Мы с напарником вышли на крыльцо.

Он пересек подъездную дорожку и, сев под дерево фруктового сада на круто уходящем вниз склоне, обхватил голову руками.

Надо отвлечь парня от ненужных дум. Я присел рядом:

– Тебя как зовут?

– Сергей,– сказал он.– А тебя?

– Сергей.

Глава Седьмая

Когда самая старшая из моих дочерей была еще студенткой швейного училища, то как-то вечером она сказала мне—совсем нежданно и с каким-то даже вызовом:

– А расскажи мне какой-нибудь ужас.

– На ночь глядя?

– Ничего, я уже взрослая.

– Ну раз так – держись, то есть слушай.

В один из дней случилось так, что я переплюнул самого Аркадия Гайдара.

В трамвае.

У этого знаменитого писателя есть рассказ «Чук и Гек», в котором он даёт определение “счастья”. Мол, счастья это такая штука, которую каждый понимает по-своему. В общем – расплывчатая мазня.

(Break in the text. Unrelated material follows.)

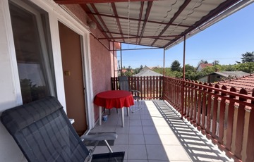 Helyiségek: előszoba, konyha, nappali + étkező, külön wc, fürdőszoba, emeleten 2 külön szoba, fürdő + wc, előtér, erkély

Так вот, в том самом трамвае у меня вдруг сложилось четкое определение: счастье – это когда прижмёшься лицом к беременному животу любимой женщины, а тебя изнутри двинут пяткой по носу.

О, какой я был довольный, что превзошел кумира пионерии!

А потом приехал домой, раскрыл MORNING STAR—газету британских коммунистов—и прочитал статью, что в одной латиноамериканской стране, на свалке, обнаружили труп беременной женщины, у которой был вспорот живот и вырван плод, а вместо него засунута отрезанная голова ее мужа.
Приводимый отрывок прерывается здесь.